Given continuous functions $f_n:[0,1]\to\mathbb R$ uniformly converging to 0 and $p>1$ such that $t^{-p}f_n(t)\in L_1[0,1]$, is then \begin{align*} \lim_{n\to\infty}\int_0^1\frac{f_n(t)}{t^p}dt=0 \end{align*} always true? What if each $f_n$ is increasing? First I tried to prove it using the Dominated Convergence Theorem, but to me it is not clear that $t^{-p}f_n(t)$ is dominated by anything integrable (especially because $t^{-p}$ is not integrable!). Now I think that it is not true in general, but I was not able to find a counterexample. Do you find one?
Any help is highly appreciated. Thank you very much in advance!
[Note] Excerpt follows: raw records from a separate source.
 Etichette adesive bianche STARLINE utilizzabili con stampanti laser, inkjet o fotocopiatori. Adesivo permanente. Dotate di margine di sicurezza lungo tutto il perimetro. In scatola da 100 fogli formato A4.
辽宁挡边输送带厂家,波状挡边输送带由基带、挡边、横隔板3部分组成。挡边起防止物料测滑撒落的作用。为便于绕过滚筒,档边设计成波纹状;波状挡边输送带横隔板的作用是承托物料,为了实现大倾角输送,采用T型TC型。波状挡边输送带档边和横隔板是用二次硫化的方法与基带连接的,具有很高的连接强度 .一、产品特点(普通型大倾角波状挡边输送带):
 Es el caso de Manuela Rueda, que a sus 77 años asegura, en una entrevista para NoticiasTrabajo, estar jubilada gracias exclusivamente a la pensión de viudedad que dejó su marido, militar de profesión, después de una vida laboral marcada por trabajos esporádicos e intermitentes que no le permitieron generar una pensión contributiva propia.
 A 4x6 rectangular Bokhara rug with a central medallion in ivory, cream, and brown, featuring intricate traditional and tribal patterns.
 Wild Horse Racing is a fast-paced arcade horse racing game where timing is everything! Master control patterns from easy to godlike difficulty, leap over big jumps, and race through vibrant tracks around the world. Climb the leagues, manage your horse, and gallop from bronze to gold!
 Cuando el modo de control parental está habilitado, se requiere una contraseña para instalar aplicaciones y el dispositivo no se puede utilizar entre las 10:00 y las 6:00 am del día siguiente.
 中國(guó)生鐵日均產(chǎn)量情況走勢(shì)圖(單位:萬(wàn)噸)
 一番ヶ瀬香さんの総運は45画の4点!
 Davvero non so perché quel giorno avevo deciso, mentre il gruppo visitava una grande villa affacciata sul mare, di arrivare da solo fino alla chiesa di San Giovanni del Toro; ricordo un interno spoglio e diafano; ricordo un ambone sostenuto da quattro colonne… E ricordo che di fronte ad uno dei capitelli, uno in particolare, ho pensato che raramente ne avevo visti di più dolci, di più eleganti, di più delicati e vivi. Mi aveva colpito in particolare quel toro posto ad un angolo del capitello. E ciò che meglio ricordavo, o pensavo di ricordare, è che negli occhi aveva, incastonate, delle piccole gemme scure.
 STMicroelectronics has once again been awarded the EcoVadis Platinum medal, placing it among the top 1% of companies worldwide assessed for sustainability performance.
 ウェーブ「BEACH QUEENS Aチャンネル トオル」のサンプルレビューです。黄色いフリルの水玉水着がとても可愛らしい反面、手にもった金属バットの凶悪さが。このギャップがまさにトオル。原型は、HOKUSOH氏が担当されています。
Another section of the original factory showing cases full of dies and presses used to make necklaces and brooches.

I will give counterexample for $p > 2:$
Let
$$ g_{n}(x) = \begin{cases} 0 \quad \text{if} \quad x < \frac{1}{n}, \\ x - \frac{1}{n} \quad \text{otherwise}; \end{cases} $$
Then integrals $$ I_n = \int^1_0 \frac{g_n(x)}{x^{p}} dx < \infty $$ as each $g_n(x)$ is $0$ in some neighbourhood of $0$, and so integrands are bounded. Hence, $g_n(x)x^{-p} \in L_1[0,1]$. But its clear that
$$ \lim_{n \to \infty} I_n = \lim_{n \to \infty} \frac{n^{p-2}}{(p-1)(p-2)} + \Theta(1) = +\infty $$ as $2 - p < 0$ and by integration $$ I_n = \int^1_{1/n} \frac{x - \frac{1}{n}}{x^p}dx = \frac{1}{2-p}x^{2 - p}|^1_{1/n} - \frac{1}{(1- p)n}x^{1 - p} |^1_{1/n} = \\= \frac{n^{p-2}}{(p-1)(p-2)} + \frac{1}{2-p} - \frac{1}{n(1-p)} $$
So define for $n > 1$
$$ f_n = \frac{g_n}{I_n}. $$
$g_n < 1$ and $I_n \to \infty$ provide uniform convergence $\lim_{n \to \infty} f_n = 0$. Moreover, $$ \lim_{n \to \infty} \int^1_0 \frac{f_n(x)}{x^p}dx = \lim_{n \to \infty} \int^1_0 \frac{g_n(x)}{I_n x^p}dx = \lim_{n \to \infty} \frac{I_n}{I_n} = 1 \neq 0. $$
I think you can refine this counerexample for $p \in (1,2)$ by replasing linear function in definition of $g_n$ by suitable sublinear continuous function. But this is still some extra work.